ThaFoochinater welcome to IM! 

We are glad you joined us, be sure to review our top selling bodybuilding & fat loss books

If you're looking for high quality supplements check out IronMagLabs Supplements

Sign up for our News Blog and our Newsletter!


----------



## ThaFoochinater (Jun 5, 2009)

thanks prince!


----------



## Whatsaroid? (Jun 5, 2009)

Let me be the first to say great job on turning your life around man it looks like your doing well for yourself now. 

I work around the same hours 70+ and the best thing to do when your forced to do these hours, is to remember to take your to take your vitamins, drink plenty of water and eat as clean as you can. So when the crazy schedule is back to the norm for you, you won't be out of good health and out of shape. 

The best thing to remember is working this much is a big stress to your body and getting all the nutrients your body needs will help combat stress and boost your immune system. 

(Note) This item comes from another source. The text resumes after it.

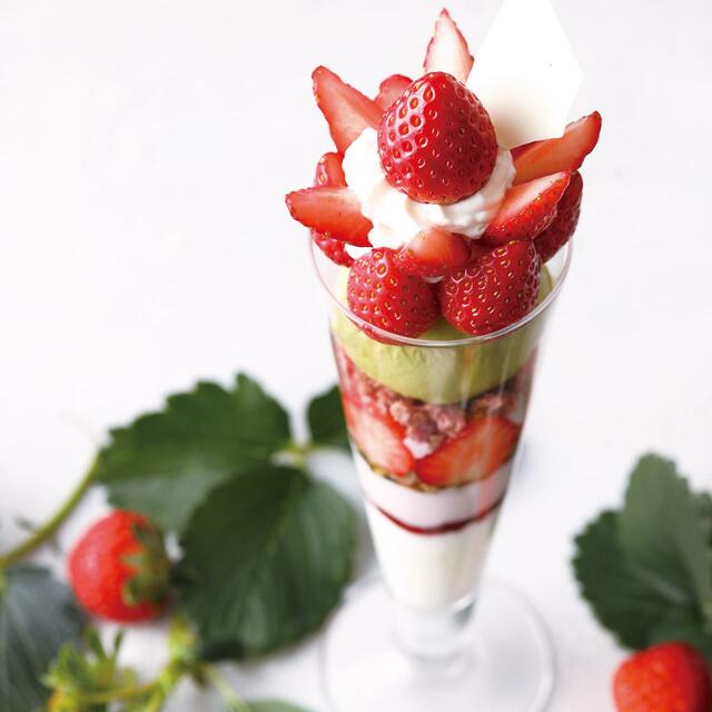 たっぷりの苺とピスタチオアイスに、甘酸っぱいフランボワーズクランチとやさしい甘さのココナッツゼリーを合わせた、春色のパフェ。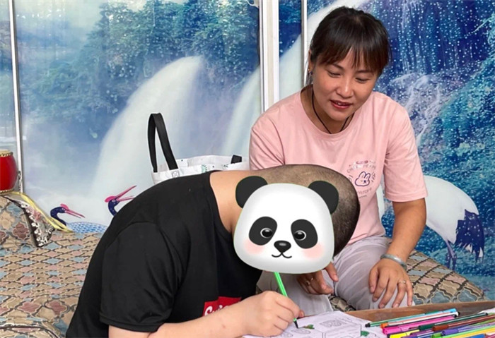 “房子该涂什么色呢?树木该选择哪支彩笔呢?”宋琰坐在鑫鑫身边,语气温和、极具耐心,鑫鑫则神情专注,在画纸上认真涂抹颜色。

I wish you the best in everything that you do and welcome to the board we are here if you need anything.


----------



## ThaFoochinater (Jun 5, 2009)

Whatsaroid? said:


> Let me be the first to say great job on turning your life around man it looks like your doing well for yourself now.
> 
> I work around the same hours 70+ and the best thing to do when your forced to do these hours, is to remember to take your to take your vitamins, drink plenty of water and eat as clean as you can. So when the crazy schedule is back to the norm for you, you won't be out of good health and out of shape.
> 
> ...



thanks a lot man! i really appreciate the reply and the positivity! as soon as i get a couple extra dollars in my pocket i plan on buying some supps to help my body deal with the high demand i place on it. i plan on gettin some fish oil, glutamine, and amino acid complex to help recovery and keep everything running on all cylinders. i already have some whey and creatine. if anyone has any input or info on what brand is cheap but good quality or what else might be worth adding into my regimen i'm all ears!


----------



## Whatsaroid? (Jun 5, 2009)

ThaFoochinater said:


> thanks a lot man! i really appreciate the reply and the positivity! as soon as i get a couple extra dollars in my pocket i plan on buying some supps to help my body deal with the high demand i place on it. i plan on gettin some fish oil, glutamine, and amino acid complex to help recovery and keep everything running on all cylinders. i already have some whey and creatine. if anyone has any input or info on what brand is cheap but good quality or what else might be worth adding into my regimen i'm all ears!



What helps me a lot is Reset AD and bananas to knock my stress out. Reset AD is by palo alto labs I believe


----------



## Built (Jun 5, 2009)

WOW. 

Nice job with re-inventing yourself!

Real quick, supps:

Glutamine: waste of money unless you're in a burn unit and you're getting 40g a day in an IV drip.
Aminos: waste of money unless possibly you're cutting and running a tremendous deficit.
Fish oil: Big yes. I get wild salmon oil at costco because that's where it's the cheapest for me. 10g a day is good.

Welcome to the board.


----------



## Arnold (Jun 5, 2009)

Built said:


> Fish oil: Big yes. I get wild salmon oil at costco because that's where it's the cheapest for me. 10g a day is good.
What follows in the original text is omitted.